- LISTED ENTRIES
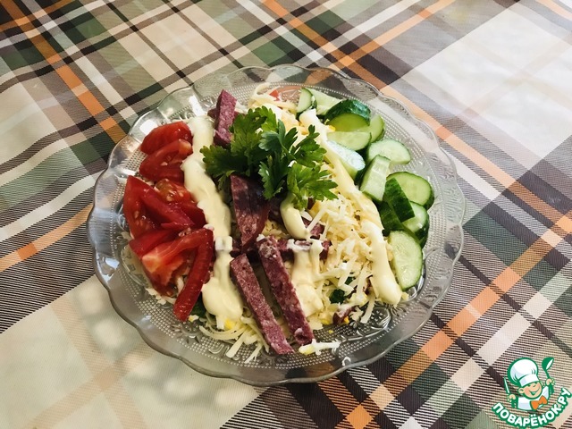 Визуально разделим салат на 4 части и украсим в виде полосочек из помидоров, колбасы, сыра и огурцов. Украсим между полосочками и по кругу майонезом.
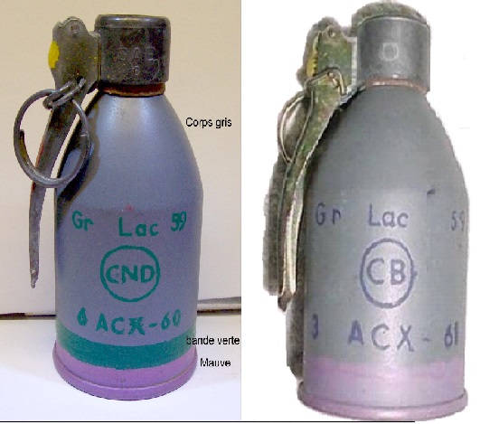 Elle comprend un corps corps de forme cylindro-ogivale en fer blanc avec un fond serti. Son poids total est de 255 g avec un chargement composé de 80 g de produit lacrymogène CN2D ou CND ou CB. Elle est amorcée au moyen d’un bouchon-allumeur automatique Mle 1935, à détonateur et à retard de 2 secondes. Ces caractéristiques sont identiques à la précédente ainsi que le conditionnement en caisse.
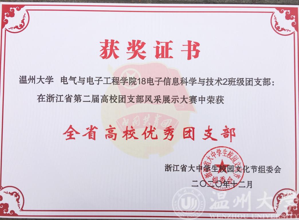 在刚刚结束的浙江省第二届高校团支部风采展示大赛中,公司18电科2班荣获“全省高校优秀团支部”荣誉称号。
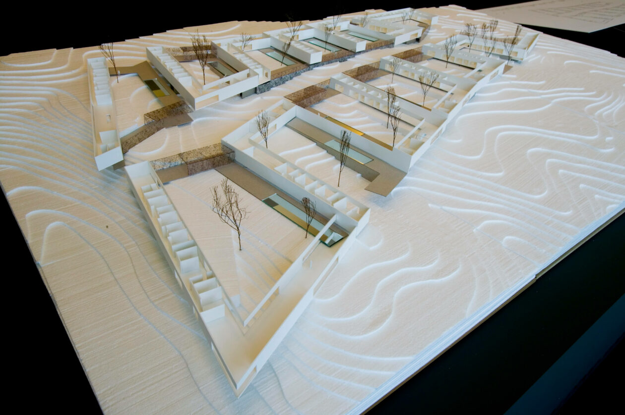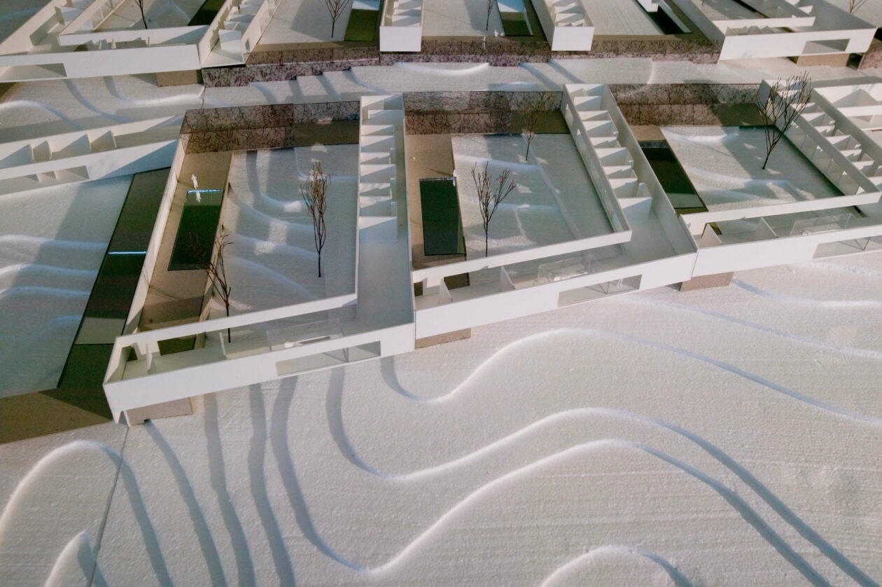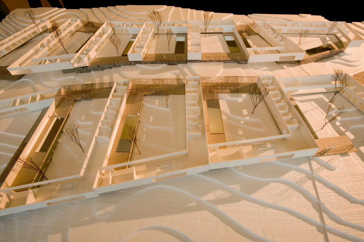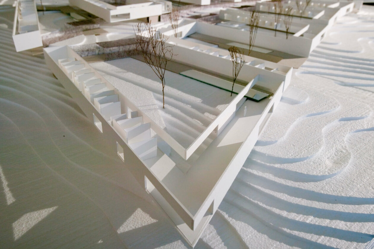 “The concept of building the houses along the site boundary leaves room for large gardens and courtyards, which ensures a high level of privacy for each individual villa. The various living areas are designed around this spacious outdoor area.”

---

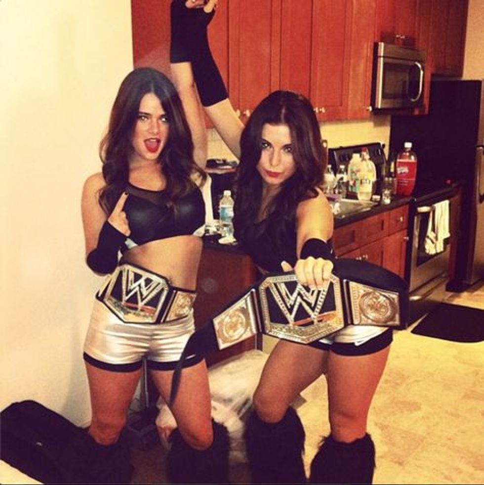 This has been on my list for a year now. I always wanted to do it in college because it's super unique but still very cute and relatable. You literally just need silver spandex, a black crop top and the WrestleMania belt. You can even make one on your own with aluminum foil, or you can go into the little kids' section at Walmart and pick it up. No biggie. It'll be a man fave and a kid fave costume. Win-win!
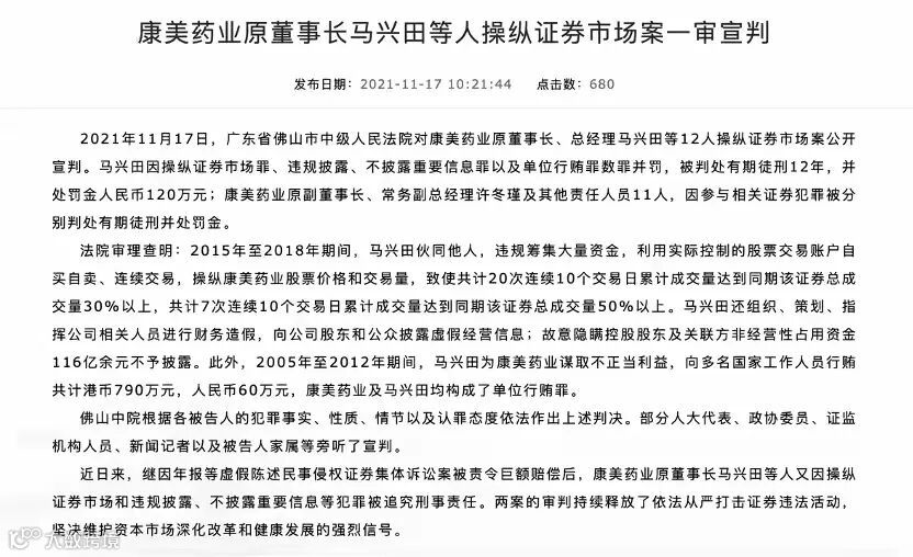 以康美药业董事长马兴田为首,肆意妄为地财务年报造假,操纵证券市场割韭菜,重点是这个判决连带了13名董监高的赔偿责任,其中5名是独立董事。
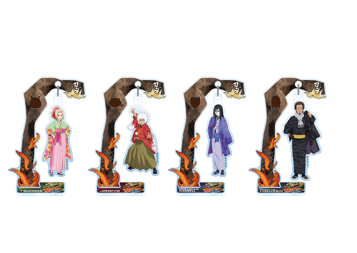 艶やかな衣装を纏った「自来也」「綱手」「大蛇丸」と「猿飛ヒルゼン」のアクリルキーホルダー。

- ACTIVITY
What you need to produce is an exact copy of the entries above, limited to the lines from the one with "Elle comprend un" up to and including the one with "在刚刚结束的浙江省第二届高校", without pictures.

- COMPLETED TASK
 Elle comprend un corps corps de forme cylindro-ogivale en fer blanc avec un fond serti. Son poids total est de 255 g avec un chargement composé de 80 g de produit lacrymogène CN2D ou CND ou CB. Elle est amorcée au moyen d’un bouchon-allumeur automatique Mle 1935, à détonateur et à retard de 2 secondes. Ces caractéristiques sont identiques à la précédente ainsi que le conditionnement en caisse.
 在刚刚结束的浙江省第二届高校团支部风采展示大赛中,公司18电科2班荣获“全省高校优秀团支部”荣誉称号。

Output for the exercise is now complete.